Distinguish between sample mean $\bar{x}$ and expected value $\mu$¶

Sample mean $\bar{x}$ describes the center of a sample.
Expected value $\mu$ describes the center of a population/distribution.

Distinguish between sample standard deviation $s$ and sample standard deviation $\sigma$¶

Sample standard deviation $s$ describes the variability of a sample.
Standard deviation $\sigma$ describes the variability of a population/distribution.

Why greek letters?¶

Because we don't know their values in reality. We need to estimate them.
More distinguishable.

A brief summary of previous chapers¶

In chpater 1-3, we studied numerical summaries and visulization of a sample.
Now in chapter 5 and 6, we take a deep dive into population.
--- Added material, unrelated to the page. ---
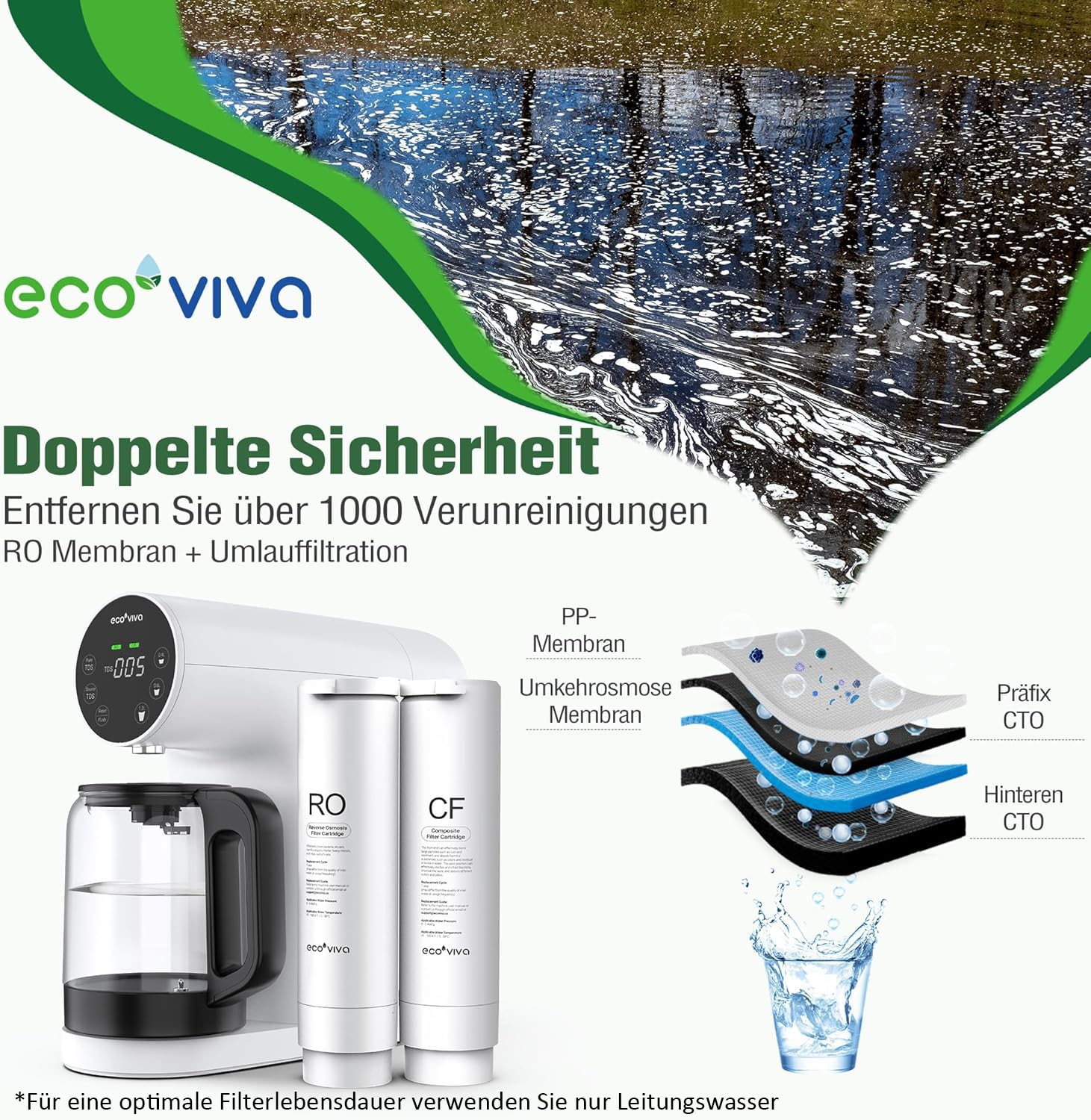 Die Ecoviva Auftisch-Osmoseanlage verwandelt Ihr Leitungswasser in reinstes Trinkwasser. Geniessen Sie dank fortschrittlicher Filtration und unkomplizierter Bedienung jederzeit höchste Wasserqualität direkt bei Ihnen zu Hause oder im Büro.

Discrete Random Variables¶

A discrete random variable $X$ takes a collection of distinct values (such as $0,1, 2, \dots$). Its probability distribution assigns a probability $P(x)$ to each possible value $x$.
The probability distribution is valid if
- For each $x$, $0 \leq P(x) \leq 1$
- The probabilities for all the possible $x$ values sum up to 1

Expected value/Mean of Discrete Random Variables¶

$$\mu =\sum xP(x)$$
Remark:
- The sum $\sum xP(x)$ is called the weighted average or weighted sum. The probabilities $P(x)$ are the weights given to each value of $x$.
- $\mu$ is not observable, but is estimable.

For a investor...¶

Suppose you are a investor, there are 2 investment options for you:
- Option 1: Whole life investment, each year you will earn \$100 for sure.
- Option 2: Whole life investment, each year you will earn:
  - With probability 50%, lose \$200.
  - With probability 50%, earn \$1000.

Let's calculate the mean return each year¶

Option 1: $\mu = \$100 $
Option 2: $ \mu = -200 \times 50\% + 1000 \times 50\% = \$400 $
On average, the return of option 2 is much higher than option 1.

Continuous Random Variable - the defination¶

A continuous random variable has possible values that form an interval.
Its probability distribution is specified by a density curve, which determines the probability that the random variable falls in any particular interval of values.

Continuous Random Variable - properties¶

The probability of a specific interval is the area under the density curve over that interval.
Each interval has probability between 0 and 1.
The total area under the curve is 1.

Continuous Random Variable - properties¶

For a continuous random variable $X$, $P(X = x) = 0$ for any $x$. And hence we only consider the following types of probabilities:

Left-tail: $P(X < x)$
Right-tail: $P(X > x)$
In-between: $P(a < X < b)$

Continuous Random Variable - An example¶

For instance, the figure below is the density curve for a normal distribution (bell-shape) with mean $\mu = 0$ and standard deviation $\sigma = 1$. The shaded area represents the probability that $X$ is in between −2 and 1, which we will write as $P(−2 < X < 1)$.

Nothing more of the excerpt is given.